Wednesday, August 26, 2015

Dataclysm: sometimes numbers can give us new insight in sociology

Back in 1984 an organization called the Maoist Internationalist Movement was born. What was unique about MIM to communism was that their theory put forward the idea that people are no longer divided simply by three classes; traditionally the proletarian (workers), petty-bourgeois (middle class) and the bourgeoisie (capitalist ruling class). Instead they laid out a new great divide: the 1st world and the 3rd world. Now instead of looking at a narrow scope of how exploitation works, many communists were forced to expand their view and open their minds to the possbility that things had changed a lot since Marx and Engels' time.

It later came out that one of the main contributors to MIM theory was a man named Henry Park. Park was a sociologist but he also worked in statistics. One of the ways that MIM was able to put forward their hypothesis so successfully and in ways that frustrated those that tried to refute it was by using numbers. Statistics told many Marxists who held onto old ideas undeniable truths through cold hard facts. MIM was also able to use numbers to refute anti-communists as well, such as showing that The Black Book of Communism contains significant mathematical errors.

While MIM is now gone others have picked up where they left off and refined the theory further. There's no doubt that what they left behind was something ground breaking and game changing that could alter the course of history in the communist movement.

Sometimes we need to look outside of the typical political science and economic techniques we use to analyze sociological questions. It's worth taking a fresh look through a new lens every so often to see what we might have missed.

Christian Rudder's 2014 book Dataclysm: Who we are (when we think no one is looking) is interesting because it takes a look at how such means of studying sociological data has now become a mainstream phenomenon. For those of you not familiar, Rudder is founder of the dating site OKCupid (OKC) which uses algorithms based on questions answered by users to match them up making itself different from other dating services.

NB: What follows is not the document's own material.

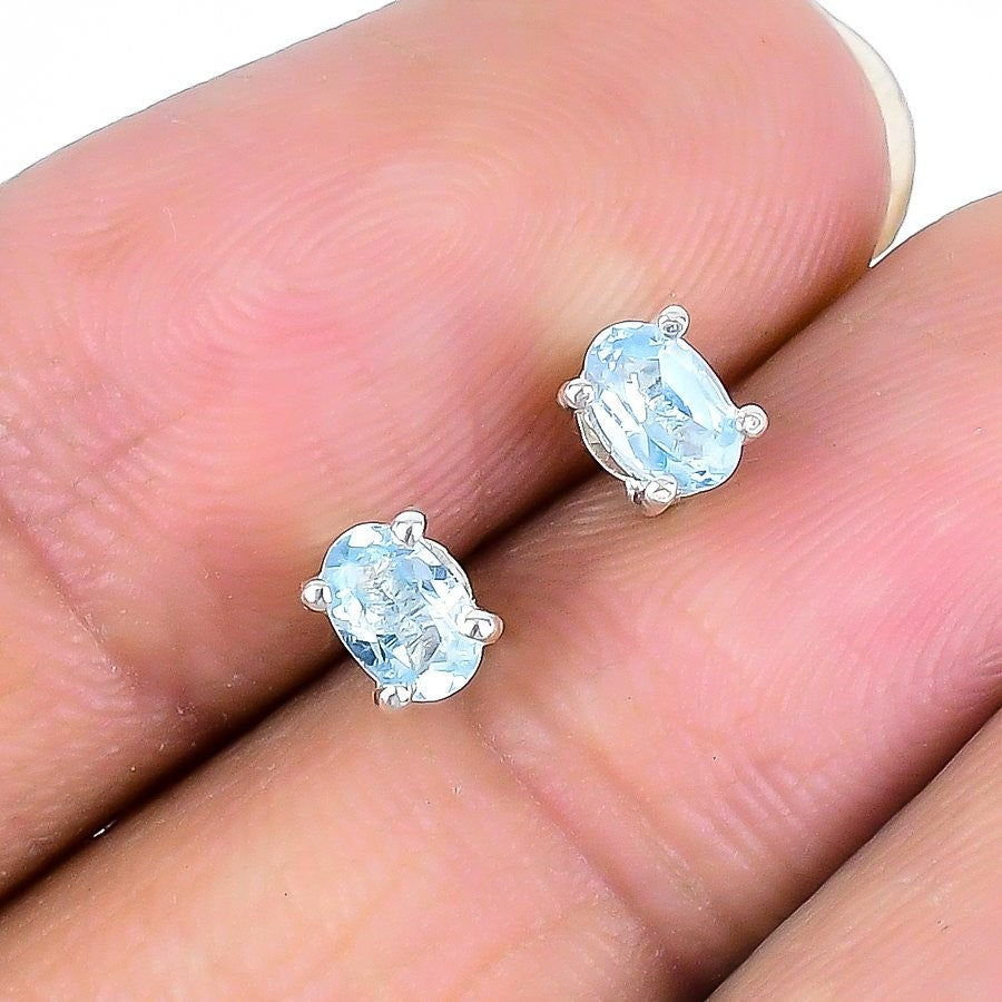 Natural Aqua Topaz New Stud Post November Birth Earrings Jewelry Sterling Silver

And of course his field of education is mathematics. 

Rudder was able to mine a treasure trove of data from OKC to find out a lot of things about people and how we can predict a lot of things about who they are based on preferences. He was able to use some data from Twitter and Facebook as well.

Unfortunately for socialists and communist there is not anything really "groundbreaking" in the data that Rudder uncovers. Mostly it just reaffirms much of the things we already know (or at least assume to).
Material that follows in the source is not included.